Method 1 — Without using extra memory
Algorithm
- Iterate through each element in the array.
- For every element “I” in array
- If value at a[i] is “-1”. Then “I” is the duplicate value.
- Else a[a[i]] = -1
- Iterate again through each element in array.
- Whichever index value is not “-1” is the missing value.
Let’s have a look at the program to solve above problem.
#define MAX_ARRAY_SIZE 500
void print_missing_and_duplicate (int missing, int duplicate)
{
int arr[MAX_ARRAY_SIZE] = {0};
/* creating the array with missing and duplicate value */
for (int i = 0; i < MAX_ARRAY_SIZE; i++)
{
if (i == missing)
arr[i] = duplicate;
else
arr[i] = i;
}
for (int i = 0; i < MAX_ARRAY_SIZE; i++)
{
if (arr[i] < 0)
{
cout << "Duplicate item in the list is: " << i << endl;
}
else
{
arr[arr[i]] = -1;
}
}
for (int i = 0; i < MAX_ARRAY_SIZE; i++)
{
if (arr[i] >= 0)
cout << "Missing Number in the list is: " << i << endl;
}
}
Method 2 — Using a separate array
Algorithm
- Define a new array “count” of same length and initialize it with 0.
- Iterate through every element in the input array.
- Increment value in count array as count[arr[i]] += 1
- Iterate through every element in count array.
- Whichever index value is “0” is missing value.
- Whichever index value is higher than “1” is duplicate value.
Let’s have a look at the program to solve the problem.
void print_missing_and_duplicate_version2 (int missing, int duplicate)
{
int arr[MAX_ARRAY_SIZE] = {0};
for (int i = 0; i < MAX_ARRAY_SIZE; i++)
{
if (i == missing)
arr[i] = duplicate;
else
arr[i] = i;
}
int count[MAX_ARRAY_SIZE] = {0};
for (int i = 0; i < MAX_ARRAY_SIZE; i++)
{
count[arr[i]] += 1;
}
for (int i = 0; i < MAX_ARRAY_SIZE; i++)
{
if (count[i] == 0)
cout << "Missing Number in the list is: " << i << endl;
else if (count[i] == 2)
cout << "Duplicate item in the list is: " << i << endl;
}
}
Let’s have a look at the main function which uses above function.
int main ()
{
print_missing_and_duplicate (30, 60);
print_missing_and_duplicate (15, 60);
print_missing_and_duplicate (10, 30);
print_missing_and_duplicate (33, 77);
print_missing_and_duplicate_version2 (33, 77);
print_missing_and_duplicate_version2 (10, 30);
}
Let’s look at the output of above main function.
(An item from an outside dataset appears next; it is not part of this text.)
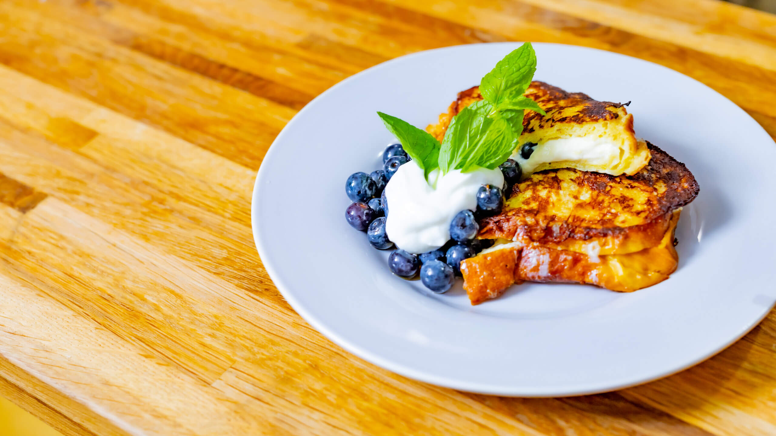 With Mother’s Day just around the corner, you can spoil your mom with a breakfast she won’t forget! Stuffed french toast, even though it looks and sounds a little fancy, is quite easy to make. Basically, we are going to make sandwiches with cream cheese and blueberries in the middle.

Duplicate item in the list is: 60
Missing Number in the list is: 30
Duplicate item in the list is: 60
Missing Number in the list is: 15
Duplicate item in the list is: 30
Missing Number in the list is: 10
Duplicate item in the list is: 77
Missing Number in the list is: 33
Missing Number in the list is: 33
Duplicate item in the list is: 77
Missing Number in the list is: 10
Duplicate item in the list is: 30